UEFI native and BIOS compatibility booting
Here’s a very very simple one which people sometimes miss:
- If you boot the installation medium in ‘UEFI native’ mode, it will do a UEFI native install of the operating system: it will try to write an EFI-format bootloader to an EFI system partition, and attempt to add an entry to the UEFI boot manager ‘boot menu’ which loads that bootloader.
- If you boot the installation medium in ‘BIOS compatibility’ mode, it will do a BIOS compatible install of the operating system: it will try to write an MBR-type bootloader to the magic MBR space on a disk.
This applies (with one minor caveat I’m going to paper over for now) to all OSes of which I’m aware. So you probably want to make sure you understand how, in your firmware, you can choose to boot a removable device in UEFI native mode and how you can choose to boot it in BIOS compatibility mode, and make sure you pick whichever one you actually want to use for your installation.
You really cannot do a completely successful UEFI-native installation of an OS if you boot its installation medium in BIOS compatibility mode, because the installer will not be able to configure the UEFI boot manager (this is only possible when booted UEFI-native).
It is theoretically possible for an OS installer to install the OS in the BIOS style – that is, write a bootloader to a disk’s MBR – after being booted in UEFI native mode, but most of them won’t do this, and that’s probably sensible.

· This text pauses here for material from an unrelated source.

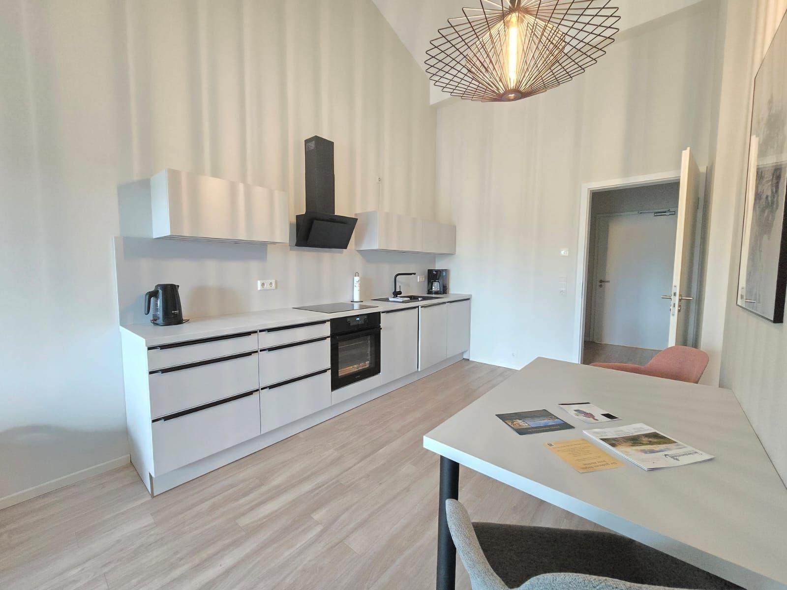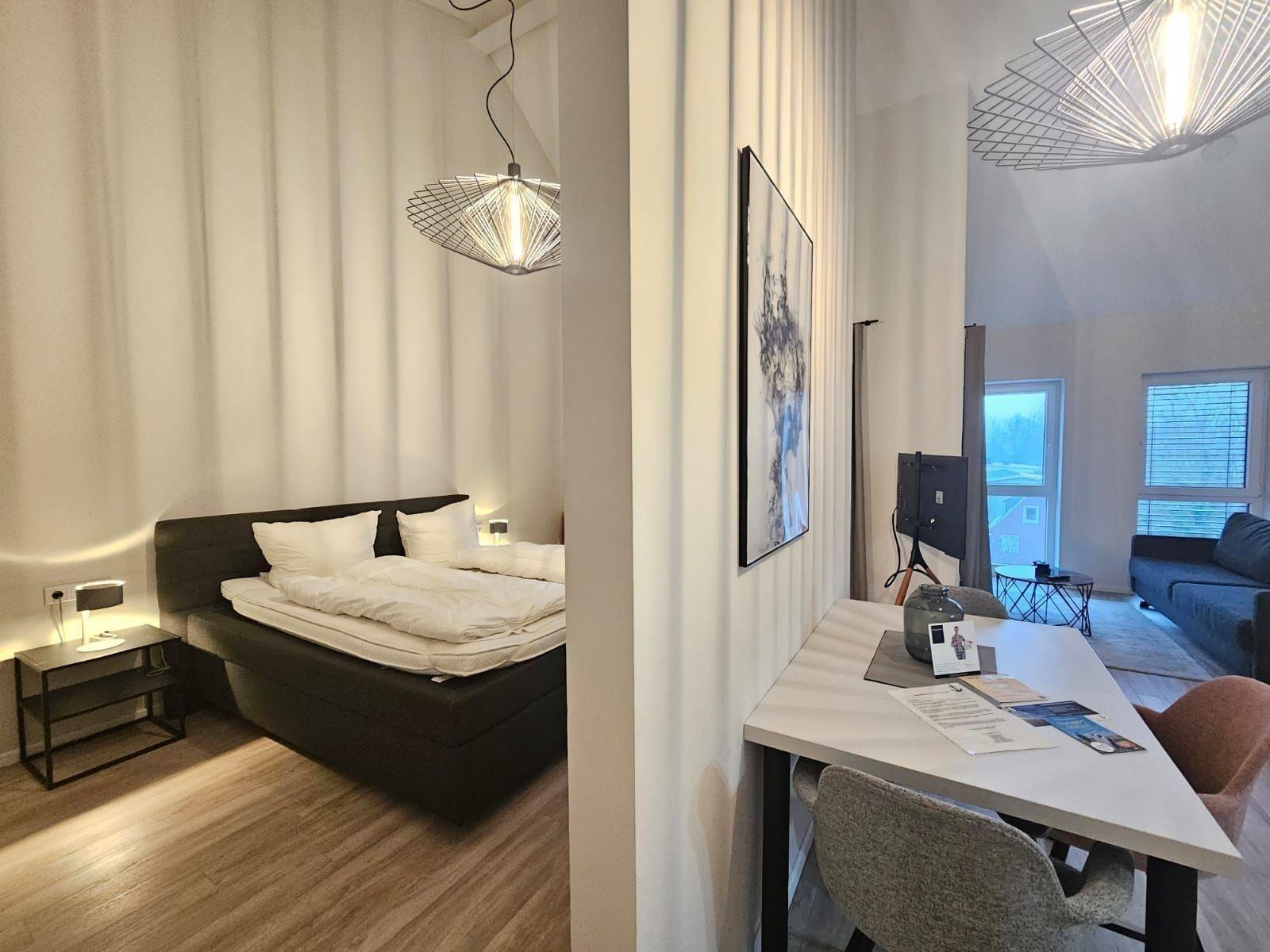 Die Ferienwohnung bietet ein modernes und komfortables Ambiente für einen entspannenden Aufenthalt. Sie verfügt über ein geräumiges Schlafzimmer mit einem Doppelbett und ein einladendes Wohnschlafzimmer, in dem eine Schlafcouch für zusätzliche Schlafmöglichkeiten sorgt. Die offene Küche ist perfekt ausgestattet mit einem Elektro-/Gasherd, Geschirrspüler, Backofen und Kühlschrank, ideal für die Zubereitung von Mahlzeiten. Für Familien steht ein Kinderhochstuhl bereit. Das Duschbad bietet eine bodengleiche Dusche, Haartrockner und praktische Startersets. Die Wohnung ist allergikergeeignet und mit Fußbodenheizung sowie einer HiFi-Anlage für angenehme Akustik ausgestattet. WLAN ist kostenlos verfügbar. Ein Parkplatz am Haus sowie ein Fahrstuhl sind vorhanden. Die gemütliche Einrichtung mit Sofa, Esstisch, und Spieleauswahl sorgt für ein komfortables Wohngefühl. Reinigungsmittel und Geschirr stehen ebenfalls bereit, um den Aufenthalt so angenehm wie möglich zu gestalten.
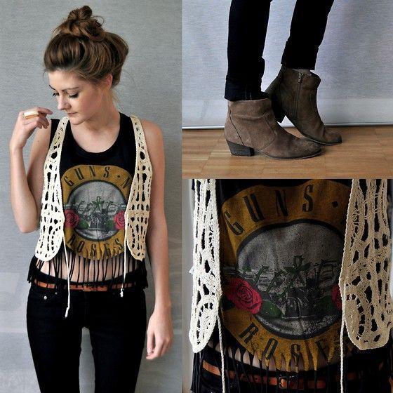 O estilo roqueiro continua forte, pois configura a imagem de uma mulher sexy, ousada e com uma grande personalidade. Portanto, se você for apaixonada por este visual pode aproveitar seu colete de renda para conseguir essa aparência diferente e moderna de si mesma.

Finding out which mode you’re booted in
It is possible that you might find yourself with your operating system installer booted, and not sure whether it’s actually booted in UEFI native mode or BIOS compatibility mode. Don’t panic! It’s pretty easy to find out which, in a few different ways. One of the easiest is just to try and talk to the UEFI boot manager. If what you have booted is a Linux installer or environment, and you can get to a shell (ctrl-alt-f2 in the Fedora installer, for instance), run efibootmgr -v
. If you’re booted in UEFI native mode, you’ll get your UEFI boot manager configuration, as shown above. If you’re booted in BIOS compatibility mode, you’ll get something like this:
Fatal: Couldn't open either sysfs or procfs directories for accessing EFI variables.
|
Try 'modprobe efivars' as root.
|
If you’ve booted some other operating system, you can try running a utility native to that OS which tries to talk to the UEFI boot manager, and see if you get sensible output or a similar kind of error. Or you can examine the system logs and search for ‘efi’ and/or ‘uefi’, and you’ll probably find some kind of indication.
Enabling UEFI native boot
To be bootable in UEFI native mode, your OS installation medium must obviously actually comply with all this stuff we’ve just described: it’s got to have a GPT partition table, and an EFI system partition with a bootloader in the correct ‘fallback’ path – \EFI\BOOT\BOOTx64.EFI (or the other names for the other platforms). If you’re having trouble doing a UEFI native boot of your installation medium and can’t figure out why, check that this is actually the case. Notably, when using the livecd-iso-to-disk
tool to write a Fedora image to a USB stick, you must pass the --efi
parameter to configure the stick to be UEFI bootable.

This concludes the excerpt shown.